O velho Miguel era um misto de fotógrafo e agricultor. Passava a semana na roça e aos sábados e domingos batia até o último instantâneo para garantir o sustento da família. Assim, criou, educou e instruiu todos os filhos, formou quase todos, o que fez com o maior orgulho.
Quando um de nós passava no vestibular, a farra dava no meio da canela. Miguel Lucena saía pelas ruas a anunciar a vitória do filho, que era na verdade a vitória dele e de Dona Emília, e aí convidava a cidade toda para comemorar.
Quando passei no vestibular de Direito, aos 17 anos, a Rua do Cancão viu até bateria de escola de samba – se bem que era a escola de Preto Lira, então namorado de Judite Antas, mas era uma escola. Logo após o resultado, eu já com a cabeça raspada e cheio de carraspana, cheguei em casa e lá estava Migué Fotogra, Emília ao lado, a gritar ao mundo seu mais novo troféu: “Lá vem meu bacharé!”.
Mesmo nos períodos mais difíceis, quando a seca castigava a nossa terra, o velho Migué não deixava a família sem a ceia de Natal. Princesa se enchia de luzes – era a Paris sertaneja -, a igreja matriz, majestosa, com seu relógio tocador e seus sinos dobradores, com o pátio repleto de atrações – rodas-gigantes, bingos, quermesse, jogos, brincadeiras, danças etc. -, era o chamariz para gente de toda a região.

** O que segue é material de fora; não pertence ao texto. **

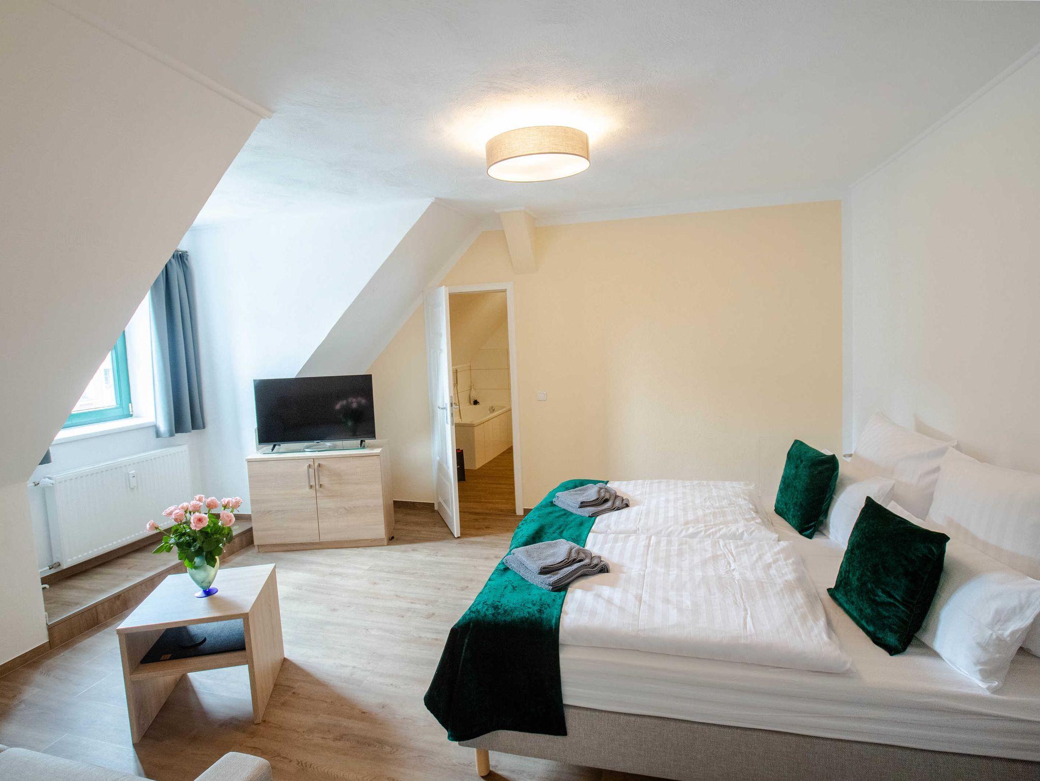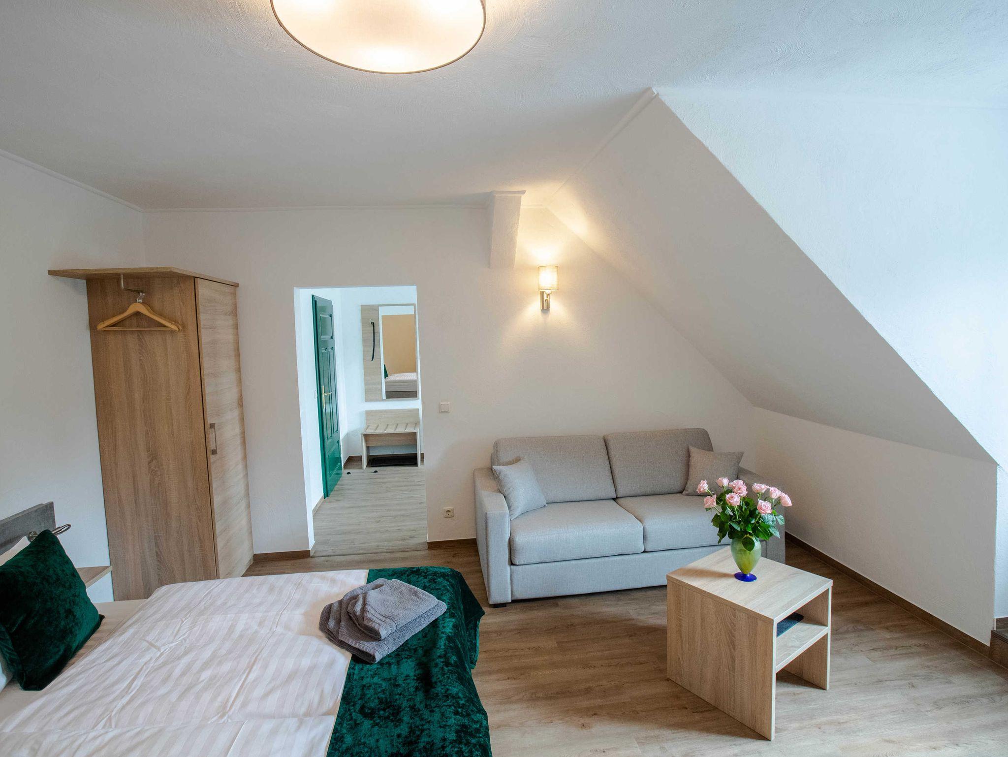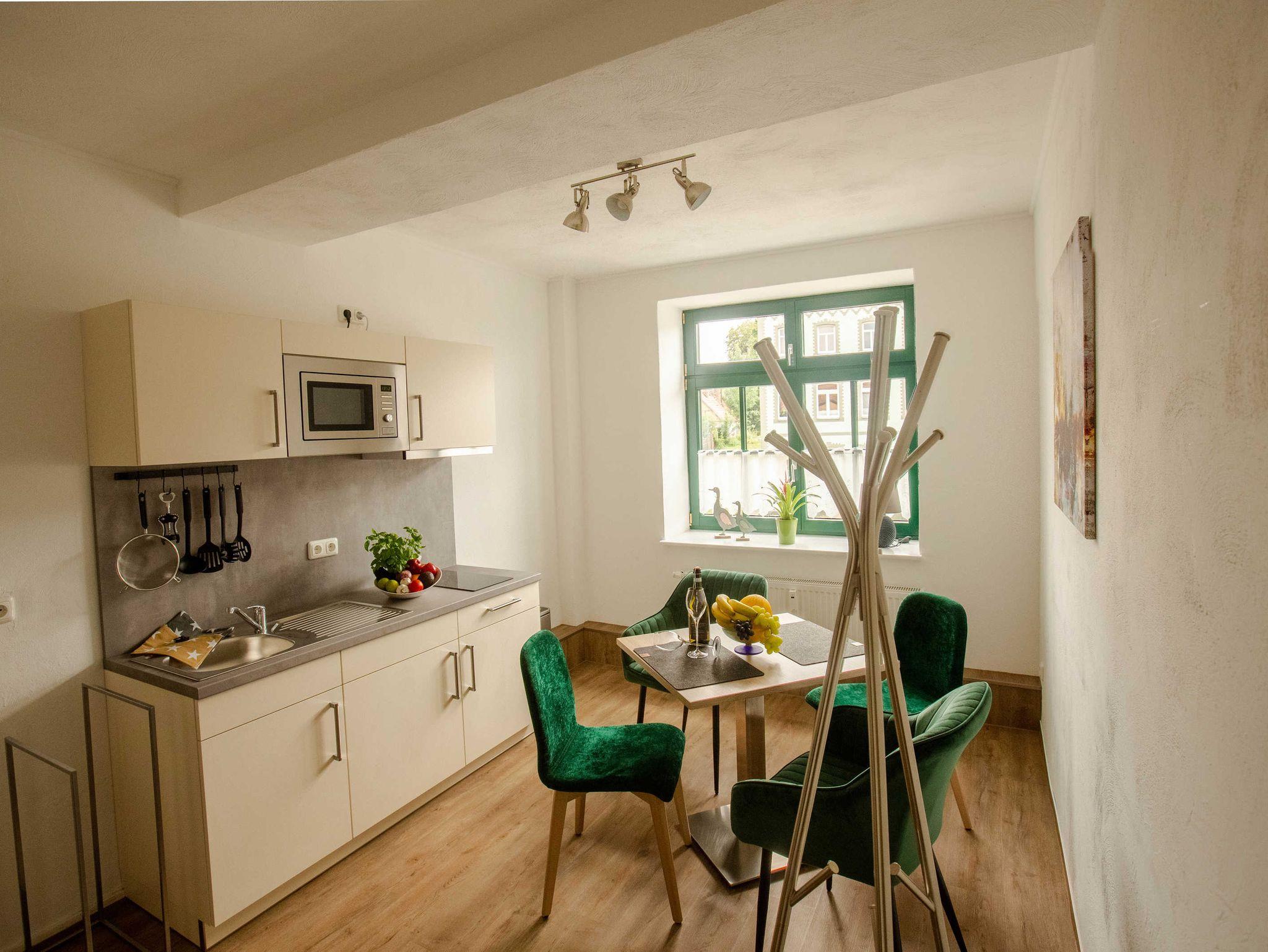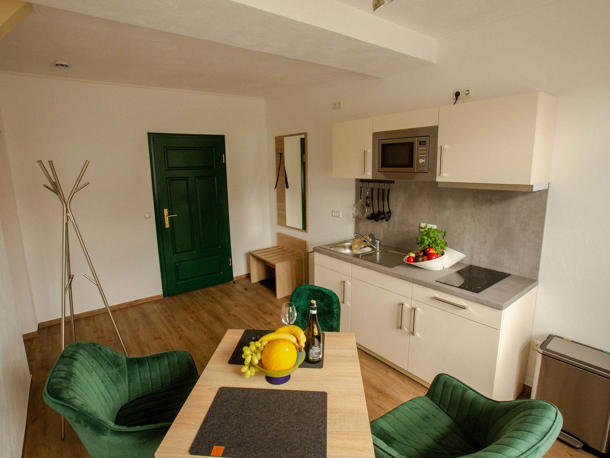 2022 haben wir in dem unter Denkmalschutz stehendem Haupthaus drei Apartments/Ferienwohnungen mit integrierter Küche eingerichtet, eine Aufbettung für 1 Person ist möglich. Des Weiteren verfügen wir über ein Doppelzimmer, welches jederzeit auch als Einzelzimmer gebucht werden kann.

Nas quermesses, além de comer bolo de puba e pão doce e tomar o capilé de João Costa – um tonel de refresco bem docinho, no qual ele enfiava o mesmo caneco que era servido a todos -, nos divertíamos com as matutas da roça no oitão da Igreja de Nossa Senhora do Bom Conselho.
À meia-noite, como a ouvir o chamamento do chefe Miguel Lucena, corríamos todos para casa e lá encontrávamos Dona Emília, ou Dona Nila, com a mesa posta e repleta de galinhas assadas, arroz branco, farofa e vinho de garrafão. Logo em seguida, chegava o velho Migué, chapéu quebrado na testa, já declamando uns versos depois de umas lapadas de uísque de homem – uísque de homem é Drurys, dizia – , e um grande bolo nas mãos, o bolo que, após a refeição principal, fecharia a celebração do nascimento do Filho de Deus.
Numa madrugada de Natal de 1984, sem bolo e vinho de garrafão, longe de Princesa, mas cercado dos filhos que tanto amou e amado para sempre, o velho Miguel foi encontrar-se com o Filho de Deus. E, apesar da ausência física, o velho Miguel está presente em todas as ceias de todos os seus filhos. Na minha, ele é sempre convidado principal, ao lado de dona Emília, porque eles são o fermento da nossa fartura.